E assim acabou a minha primeira sessão de terapia. Voltei pra casa pensativa, tanto pra resolver e tão poucas ideias. Bem dizem que santo de casa não faz milagre... ou será que faz? Em uma passada rápida pelo shopping uma loja me chamou a atenção... Merda. E aquela cena de ontem? Puta que pariu. Tive uma ideia nefasta. Assim que Fernando se decidisse eu daria uma noite pra ele não esquecer. Assim que cheguei em casa avisei pra ele que tinha chego em casa e ia dormir, afinal, ainda tinham dois dias na semana. "Dorme bem, te amo". Esses redatores e suas vírgulas. 

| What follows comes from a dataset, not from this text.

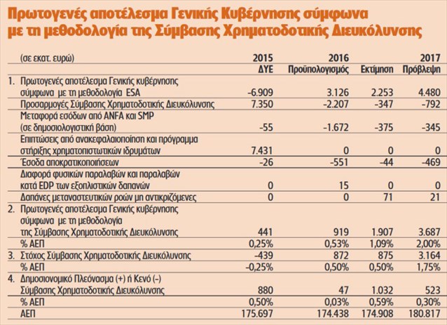 Θα πρέπει πάντως να αναφερθεί ότι ο εισπρακτικός στόχος για τον ΕΝΦΙΑ παραμένει στα 2,65 δισ. και το 2017, ενώ τα αυξημένα έσοδα που καταγράφονται στον προϋπολογισμό οφείλονται στην είσπραξη της τελευταίας δόσης του ΕΝΦΙΑ 2016, τον Ιανουάριο 2017, ποσού 323 εκατ. . Ωστόσο, το ποσό αυτό, σε δημοσιονομική βάση, θα καταγραφεί στο έτος 2016. Επισημαίνεται δε ότι το τίμημα από την πώληση των περιφερειακών αεροδρομίων υπολογίζεται σε 1,234 δισ. ευρώ.

Me senti babá na quinta-feira ensinando meia dúzia de trainee sobre a empresa, mostrando os setores, apresentando a história... graças a oxalá a Isadora - uma ruiva dona de um lindo par de coxas - fez uma apresentação e foi a oradora na maior parte da caminhada. Na sexta um dos trainees foi parar na comunicação e lá fui eu colocar ele em seu devido lugar: junto dos estagiários, sou sucinta  "se ajudem, se virem, fucem esse material, qualquer coisa eu estou ali na frente, mas sugiro mandar mensagem pela rede interna porque o Borges não suporta gente zanzando". E assim o dia passou com minha helpdesk de estagiários. Tentei ser o mais didática possível e as coisas iam se encaixando. 

Fernando ia para a terapia e eu pra casa, uma passada no mercadinho e a janta se tornou uma bela omelete. Janta feita, banho tomado, pijama confortável, série de terror no streaming, nada como a fantasia pra tirar a gente da realidade um pouco, Freud deve ter alguma explicação pra isso e deve envolver a mãe de alguém. 

Vinte e duas horas e oito minutos. A tela do celular acende.

"No meio do ano."
"Quer ir comigo? Preciso do seu apoio."

Foda-se a hora. Troquei de roupa, fiz uma mochila rápida, tranquei tudo, reguei as plantinhas. Chamei um carro pelo aplicativo. Preço dinâmico. O dobro do preço habitual, foda-se. Não tinha respondido a mensagem, me cocei várias vezes para responder, mas me controlei. O porteiro já me conhecia e, depois do meu pedido, ele não avisou da minha chegada.

Vinte e duas horas e cinquenta e quatro minutos. Toquei a campainha. Hoje a noite prometia.